The modeling solution discussed on the last post is still valid as well: we must create two new lookup tables: Products and Dates.
Lets start with Products. Suppose I have already loaded both datasets from a SQL Server source. By clicking the ‘reuse existing connections’ option in the ribbon under the ‘design’ tab, we can re-connect to the source and use PowerPivot ‘Table Import Wizard’ to create the lookup table. Instead of selecting from a list of tables, I can use the option ‘Write a query that will specify the data to import.’ Even though I am telling PowerPivot I will write a query, there will be no need to write code at all.
Select the ‘design’ button:
At this point the SQL wizard opens. Here are the steps:
1. Select the Product ID field from Table 1 and the Category from Table 2:
2. Click on the ‘Group and Aggregate’ button on the top right corner
3. Expand the relationships tab
4. Deselect “Auto Detect” on that same tab. Click on the ‘add relationship’ button:
5. Click on the Left Table, specify Table 1. Then click on the Right Table and specify Table 2. Change the join type to ‘Full Outer’ (this is needed when creating lookups that span across multiple tables on the same underlying data source. Here is a good explanation of what joins do).
Finally, select the Join Fields by double clicking on the field and selecting Product ID (on Table 1) equals to Product ID (on Table 2). Here is how the window should look like:
What we have done is select all the Product IDs from Table 1 (as that table contained a comprehensive list of products), and all the Categories from Table 2 (as there were no category columns on the first table). The ‘grouped by’ option is needed to generate a distinct list of product/category combinations (remove duplicates), and the join was necessary to grab data from both tables.

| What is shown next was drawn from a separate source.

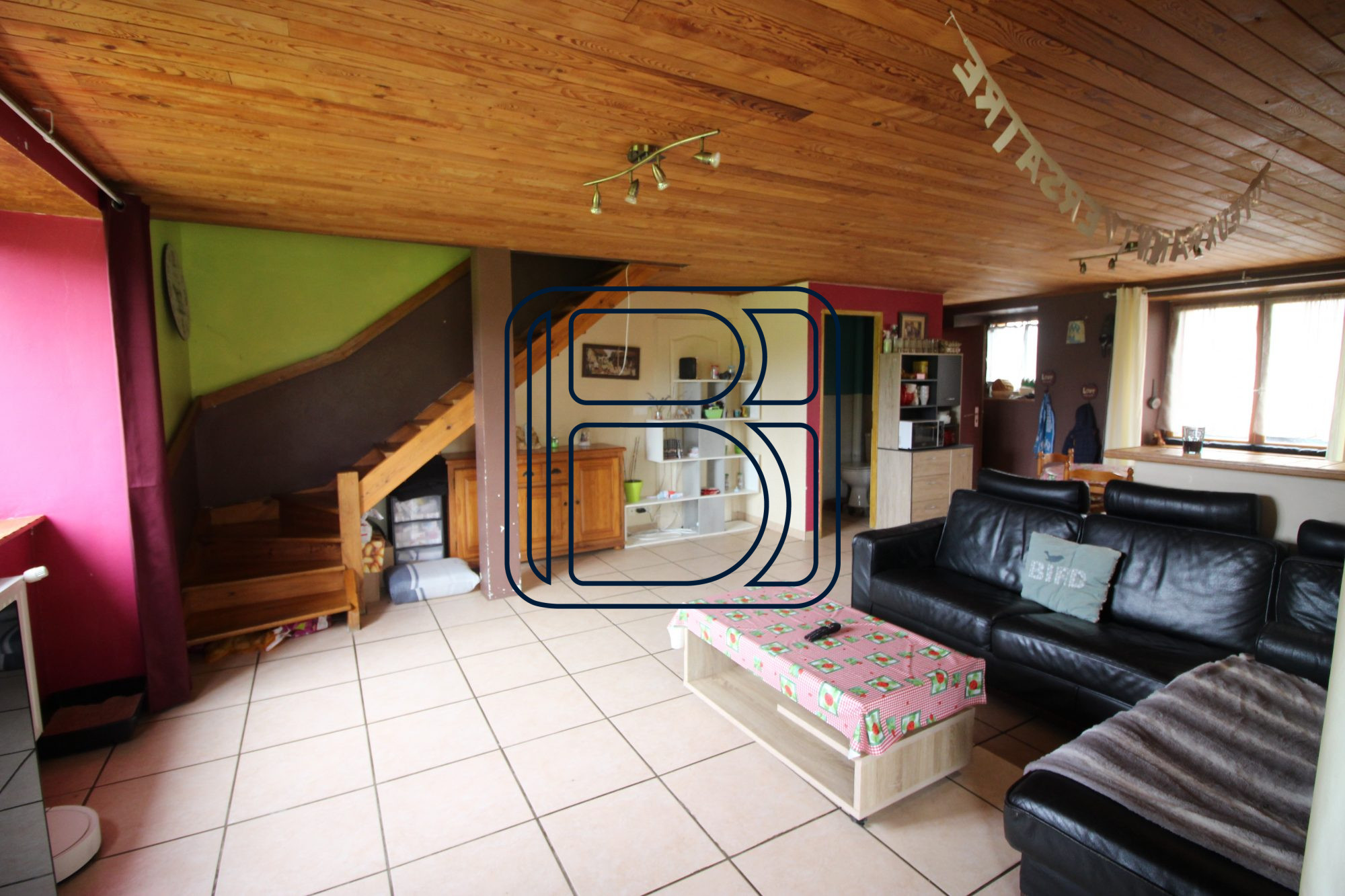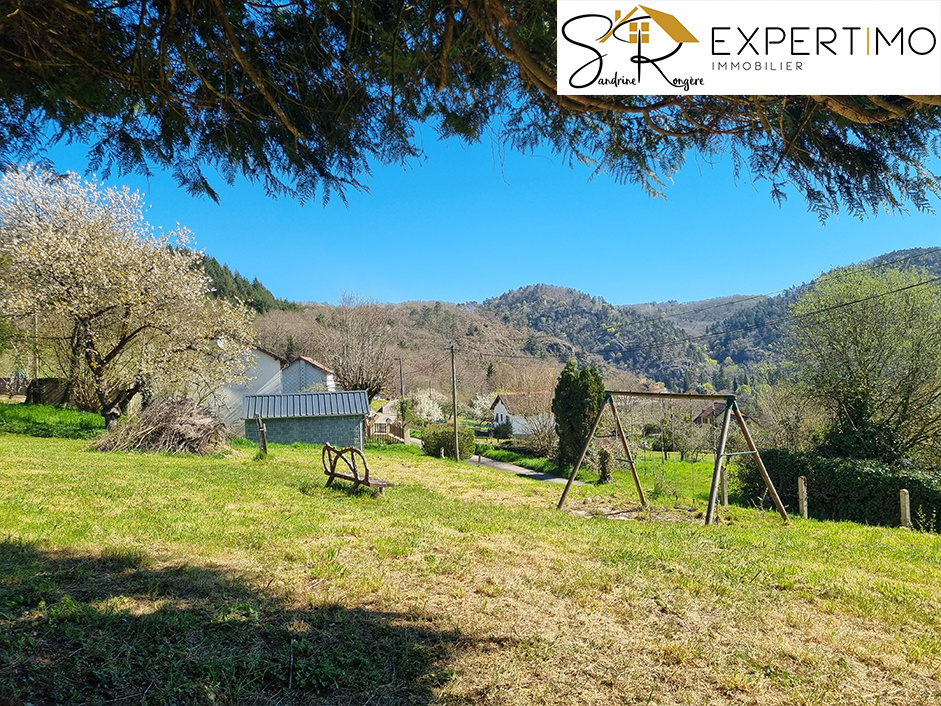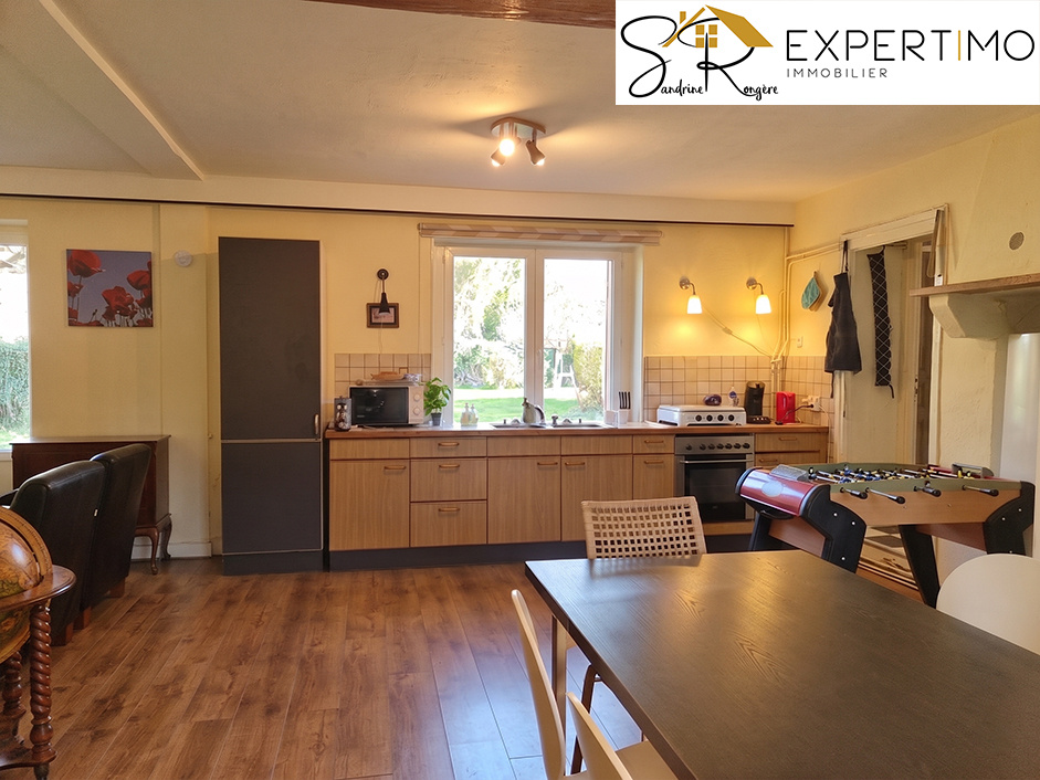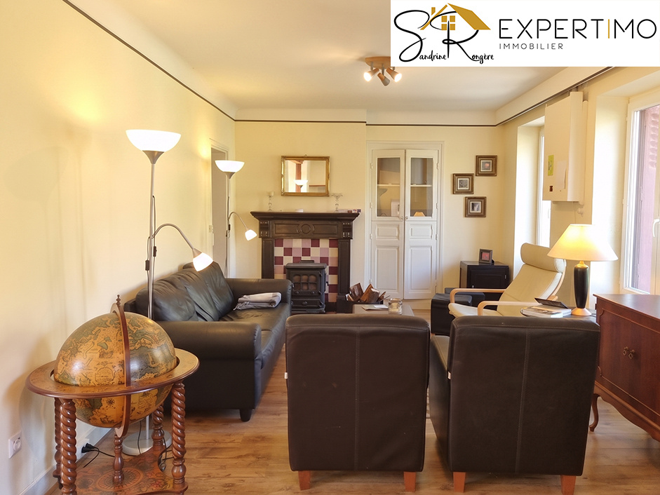 Auv 1196 : 3 maisons mitoyennes, divers bâtiments annexes, 3180m2 Cet ensemble offre de très nombreuses possibilités pour divers projets. La maison d'habitation est un peu datée mais on peut y vivre immédiatement tout en la modernisant et en développant un projet. Les ruelles qui divisent l'ensemble en trois grandes parties sont locales et donc presque dépourvues de circulation. La vue à l'ouest, à l'arrière où se trouvent également les jardins, est absolument magnifique : 180o sur la belle région des Combrailles, sans aucun vis-à-vis. La première partie comprend la maison principale qui occupe au rez-de-chaussée en réalité déjà deux maisons, et à droite se trouve encore une troisième maison à rénover. À l'origine, l'ensemble était composé de plusieurs maisons qui ont ensuite été partiellement réunies. Deux d'entre elles forment aujourd'hui un seul ensemble au rez-de-chaussée, tandis qu'une troisième maison, autrefois celle de la grand-mère, reste à rénover. La deuxième partie est un grand et beau terrain avec des arbres (fruitiers) et les ateliers de l'ancien propriétaire, couvreur et menuisier. La troisième partie comprend encore toute une série de bâtiments, dont trois belles constructions en pierres qui peuvent recevoir une destination d'habitation, ainsi que d'autres ateliers. Possibilités donc pour des gîtes, une communauté de vie, ou simplement habiter avec de nombreuses dépendances : les options sont multiples. La maison de gauche dispose d'une petite véranda et d'un hall d'entrée avec cloisons. À gauche se trouvent la cuisine et l'arrière-cuisine, où subsiste le charme d'aménagements plus anciens et où un chauffe-eau à gaz fournit l'eau chaude. À l'arrière se trouve une salle à manger d'origine. La séparation entre cuisine, arrière-cuisine et salle à manger a été réalisée par des cloisons légères. Derrière se trouve une véranda ajoutée. Cette pièce lumineuse sert aujourd'hui de coin salon et s'ouvre, par quelques marches, sur une terrasse puis sur le jardin. Dans le jardin se trouvent quelques petites dépendances ainsi qu'un puits, le tout avec une belle vue. Sol carrelé et murs en pierres joliment rejointoyés. Dans le hall de la maison, on trouve un très grand séjour avec un plafond lambrissé chic. À l'arrière de cette pièce, un espace extérieur utilisé comme serre doit être rénové. C'est également là que se trouve la cuve à fioul. Au rez-de-chaussée, il y a aussi une salle d'eau avec douche, lavabo et toilettes. L'ancien propriétaire était donc menuisier et cela se remarque dans la qualité du bois : un mélange d'éléments authentiques et de réalisations artisanales bien faites. Plus loin, également accessible de l'intérieur mais avec sa propre porte d'entrée, se trouve un séjour d'origine avec cheminée, tomettes, plafond à poutres apparentes et placard intégré. Authentique ! De là part un bel escalier menant à l'étage, où le grenier n'est pas encore aménagé. Depuis la cuisine, on accède aussi à un hall avec cave et escalier. À mi-étage se trouve une salle de bains avec fenêtre, baignoire, wc, lavabo et bidet. Quelques marches plus haut se trouvent deux chambres, dont la chambre arrière avec cette magnifique vue panoramique à 180 degrés sur la nature et pratiquement aucune autre maison proche. Dans l'une des chambres se trouve un placard intégré, dans l'autre, de grandes fenêtres, des finitions en bois et un plancher en bois apportent du caractère, complétés par un autre grand placard et une cloison qui permettrait d'aménager une salle d'eau attenante ou d'agrandir la pièce. Le chauffage se fait par une ancienne installation de chauffage au fioul et un poêle à bois. La maison à rénover, située à droite, n'est pas comprise dans la surface habitable. Les dépendances évidemment non plus. Cette maison dispose d'un escalier c

Once finished, clicking will show you the query PowerPivot has written for you. At this point, you can rename it so it will have a more user friendly name in your data model:
At this point, I can now join the two initial datasets with this lookup table:
Again, it was necessary to do this in order to allow filtering of both initial datasets by a common category. Without this lookup table, it would not be possible (or really difficult) to report on both sets of data in a consolidated view.
Now lets go for the Dates lookup table. In this case there is an small extra challenge: neither table has the complete list of dates. So after we configure the wizard using the same technique above, we get the following:
which results on this in-memory table:
With DAX, we can easily overcome this. By creating a new calculated column, we can now have the complete list of unique days in only one place:
=IF([Table_1 Date] = BLANK(), [Table_2 Date], [Table_1 Date])
Further calculated columns can add more calendar levels for analysis, like month, quarter, year and so on.
The data model (in the PowerPivot design window) now should look like this (once the relationships have been created):
To be able to slice “Total Sales Amount” by Product or Date, we only need to do one extra step – create a DAX measure to add the Amounts from both extracts (Table_1 and Table_2, just was we did in the last blog post):
With this, you can now slice the consolidated amount (from both extracts) by any relevant Product or Date category with the added advantage that PowerPivot will update the lookup tables once a data refresh has been executed. In the end, not only the DAX calculations will be dynamic (based on query and filter context), but the data model will by dynamic based on the newly imported data.